Eero Antero Mäntyranta (20 November 1937 – 29 December 2013) was one of the most successful Finnish cross-country skiers. He competed in four Winter Olympics (1960–1972) winning seven medals at three of them. His performance at the 1964 Winter Olympics earned him the nickname "Mister Seefeld", referring to the venue where the cross-country skiing and biathlon competitions took place.
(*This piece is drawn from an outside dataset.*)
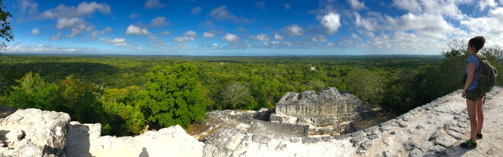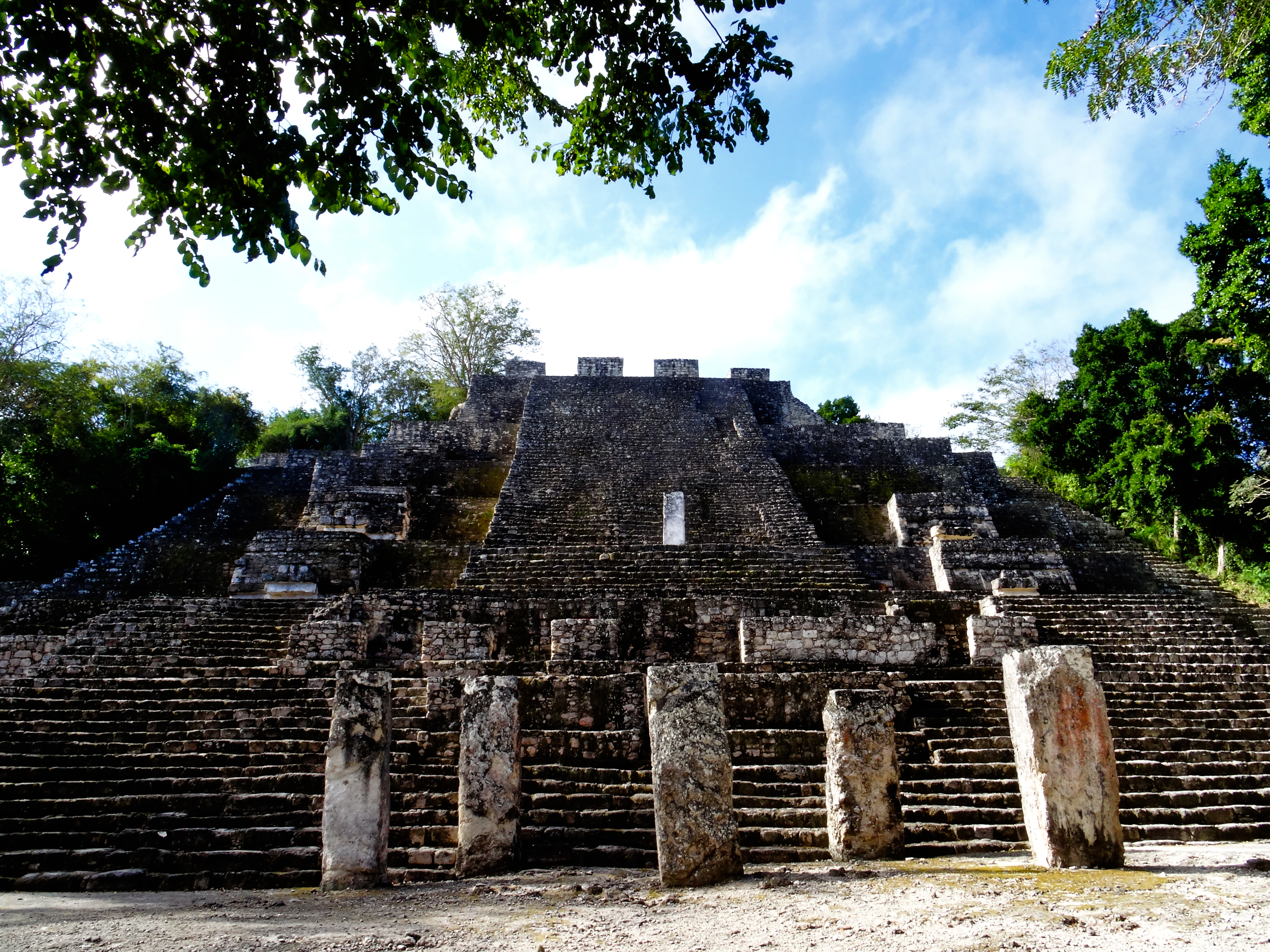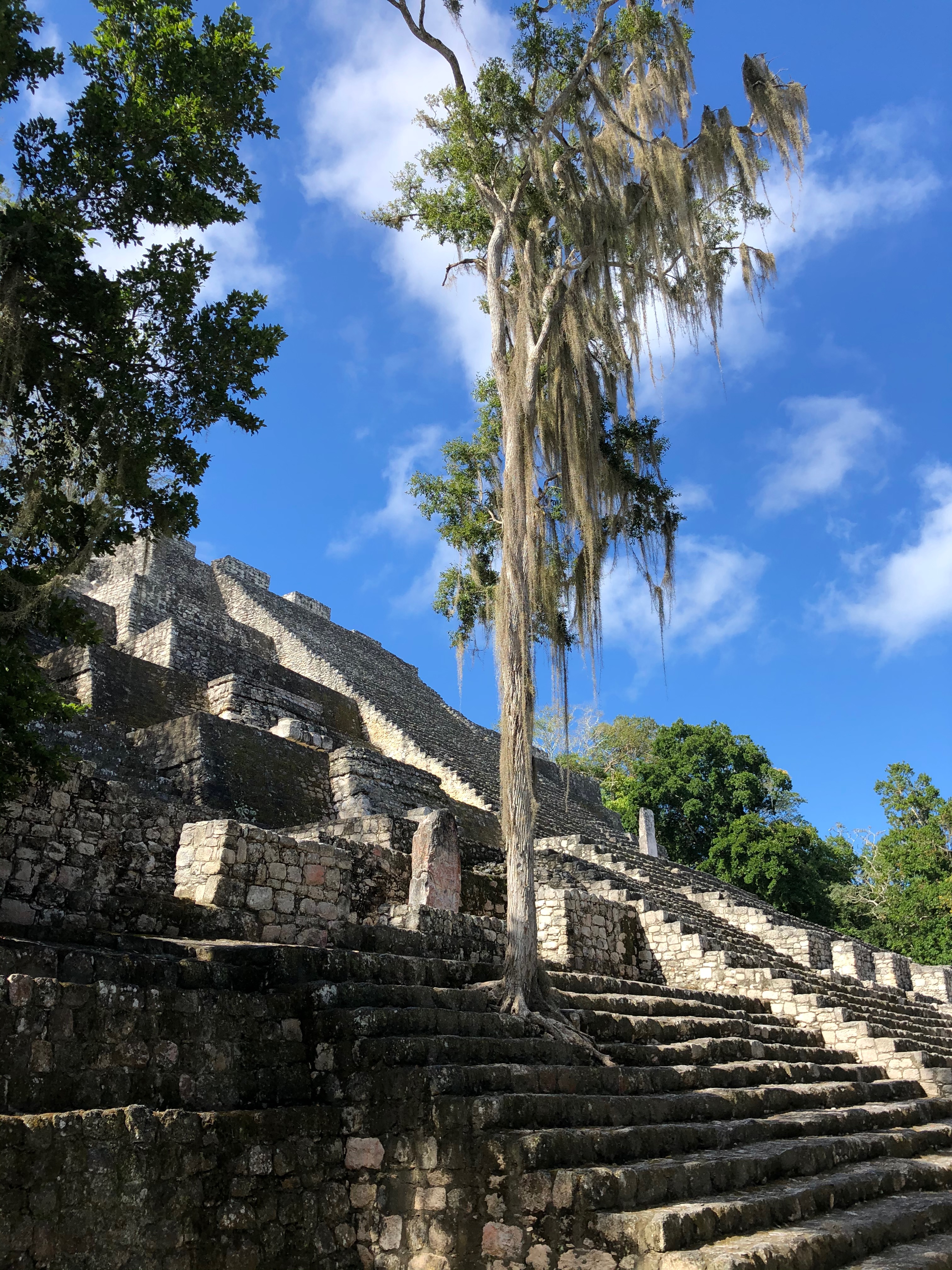 Un nouveau réveil aux aurores car 1h30 de route à travers la jungle nous attend avant d atteindre le plus grand site maya du Yucatan : Calakmul. Contrairement aux autres sites visités jusqu’à maintenant celui là est plus sauvage, entouré de jungle. Nous avons pu voir et surtout entendre les fameux singes hurleurs, ils ne sont pas très grands mais font un bruit terrible. Après avoir escaladés les différentes pyramides nous reprenons la route pour la laguna de Bacalar pour prendre enfin un peu de repos.

The Finnish Ministry of Education endowed him with the Pro Urheilu letter of recognition in 2000. There is also a museum centered on Mäntyranta in his birthplace of Pello.

Genetics and doping

Mäntyranta had primary familial and congenital polycythemia (PFCP) causing an increase in red blood cell mass and hemoglobin due to a mutation in the erythropoietin receptor (EPOR) gene, which was identified following a DNA study that found the mutation in a high proportion of members of his extended family, as reported in 1993. The elevated hematocrit caused by the condition increases the ability of the blood to transport oxygen; the EPOR mutation is speculated to have contributed to Mäntyranta's remarkable endurance.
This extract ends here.